A todo esto, el rey Felipe II ha concebido la grandiosa idea de construir el gran megapalacio monasterio del Escorial, en base a un cambio en el testamento de su padre, que, muy malico y aguardando la llegada de la parca en Yuste, decidió que no lo sepultaran en Granada con sus papis y abuelos. ¡Veinticinco años! duró la obrica del Escorial, y por tener un motivo importante para el bestial desembolso de las arcas públicas, Felipe II lo quiso dedicar a la memoria del triunfo en la Batalla de San Quintín, donde tropas españolas e imperiales derrotaron a los franceses una vez más.

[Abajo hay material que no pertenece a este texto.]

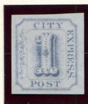
REPRINT 1¢ GRAYISH BLUE ON WHITE (2L3)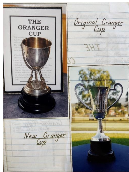
The original trophy and the current trophy

Some Granger Cup statistics, from the period of 1998 to the present, for the general interest of members: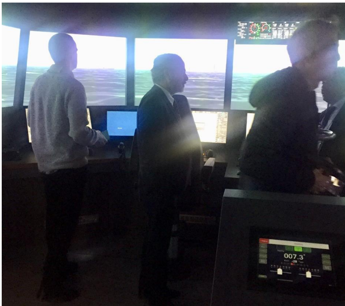
Photo 5: Partner visits the centre's Crown Jewel 360 degrees full mission ship simulator.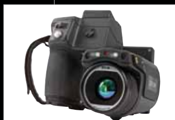
5 MP Digital Camera with Lamp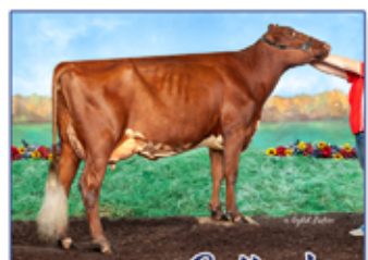
Heavenly Mega Cutiepie ET 1st Jr 3 Yr Old Eastern Natl Jr Show; Intermediate Champion, Resv Grand Champion Eastern Natl Jr Show 2021; 3rd Jr 3 Yr Old Eastern Natl Open Show; Nominated Jr AA, Jr 3 Yr Old 2021; Due in June sells fresh. Will be a contender for 4 yr old

Selling 40 Milking Shorthorns • Millcreek Farm dispersal of bred heifers and milk cows along with consignments from Cold Springs Farm, Hard Core Farm and other guest consignors • 40 Guernseys will be selling • Consignments from Snider Homestead, Warwick Manor and other guest consignors Also selling 10 head of Jerseys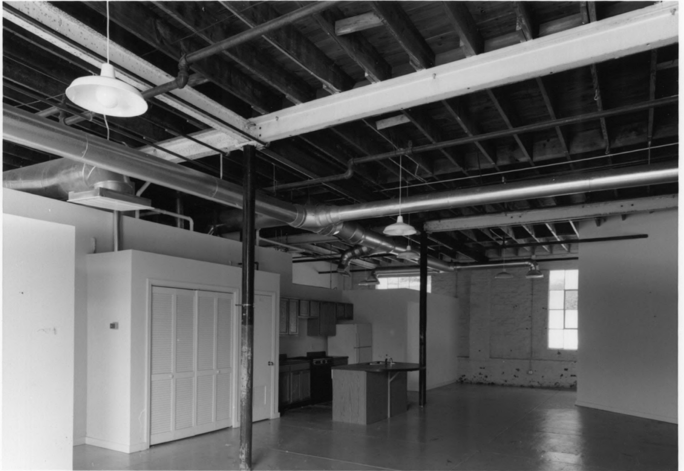
Athens Manufacturing Company Athens, Clarke Co., Ga. 30/37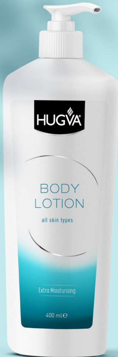
Hugva Body Lotion All Skin Types 400 ml MM11.2331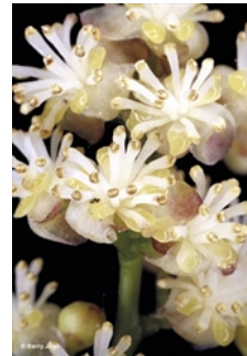
Male flowers.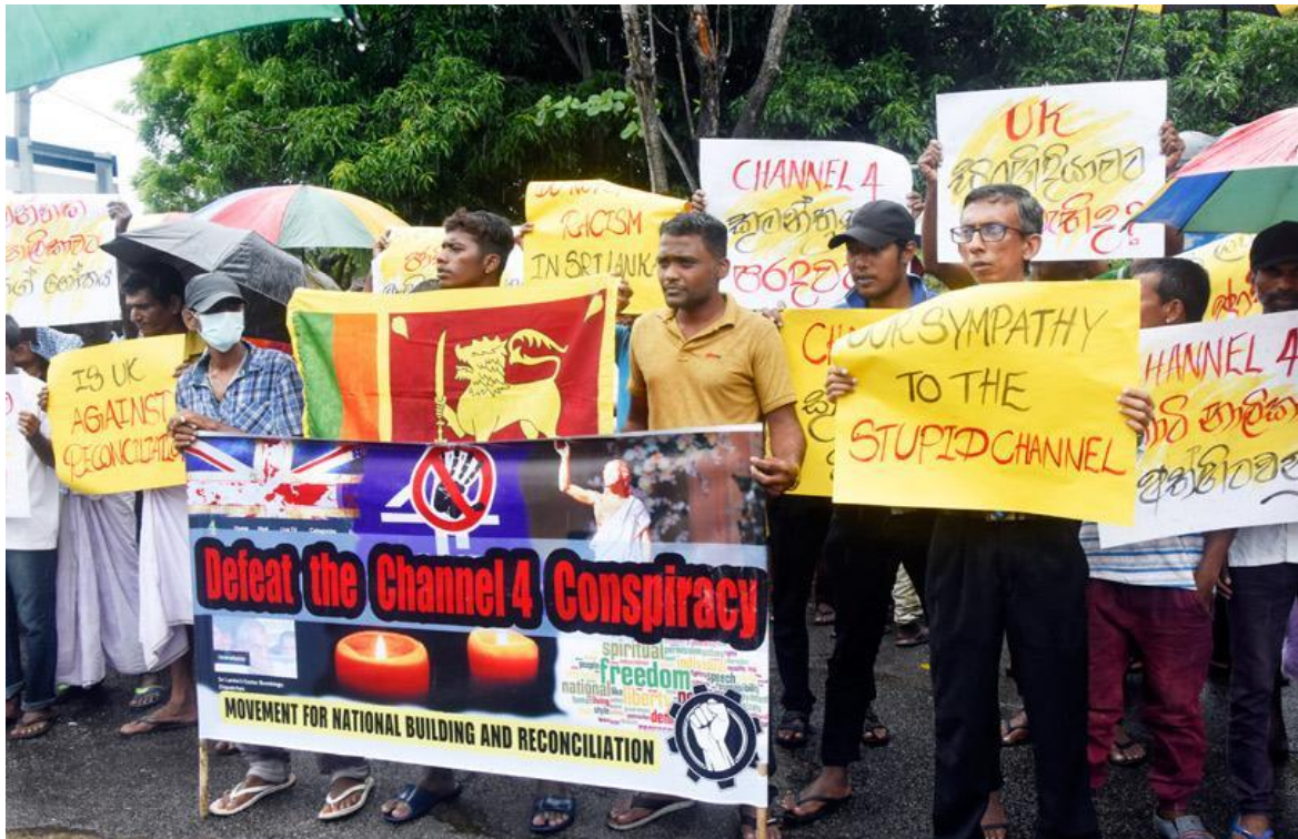
A Sinhala Buddhist Nationalist group in Colombo organized a protest in front of the British High Commission of Sri Lanka, calling the Channel 4 documentary a conspiracy.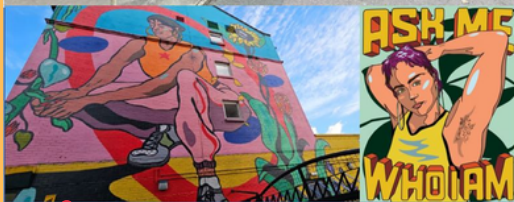
📍 Fairlands Way/Lytton Way East 💬 Women in Stevenage 🎨 Molly Hankinson Studio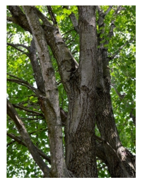
Acer rubrum - Bark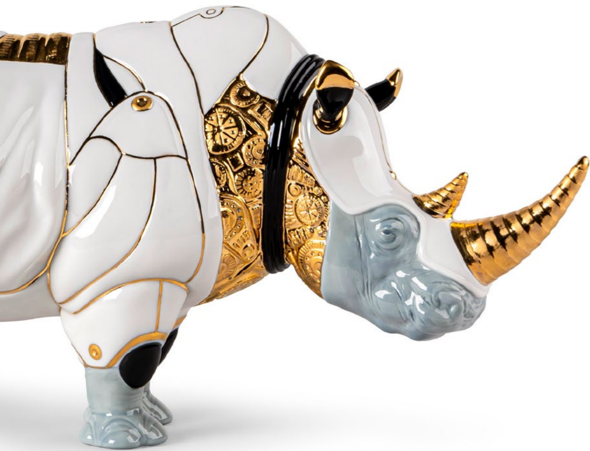
RHINO CYBORG 01009756 22 x 45 x 19 cm 8 3/4 x 17 3/4 x 7 1/2"

With pieces like these, the Cyborg Collection offers ideas conceived for interiors off the beaten track that are looking for different visions and decorations. Porcelain reinvents itself, offering a unique combination of tradition and modernism, nature and technology.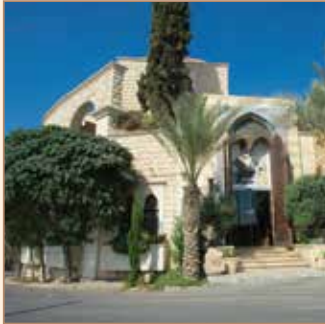
Jerash - Jordan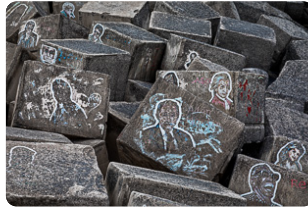
in Santa Cruz

¡Y allí está, el Monasterio del Escorial! Todo en él es grandioso, enorme, vetusto, pétreo, destacando su basílica, su panteón real y su biblioteca. Felipe II le cogió querencia al edificio y lo convirtió en su residencia favorita, desde donde gobernaba sus reinos. A todo esto, se había casado de nuevo con Ana de Austria, que también se le muere jovencica (tenía gafe con sus es posas), pero a la que llegó a hacerle 5 hijos, entre ellos el heredero al trono de las Españas, que sería Felipe III. Finalmente, enfermo para morir, y muy católico el pobre, pide que lo lleven desde Madrid al Escorial a hombros en una silla de madera (un palanquín) para entregar su alma a Dios entre aquellos fríos muros.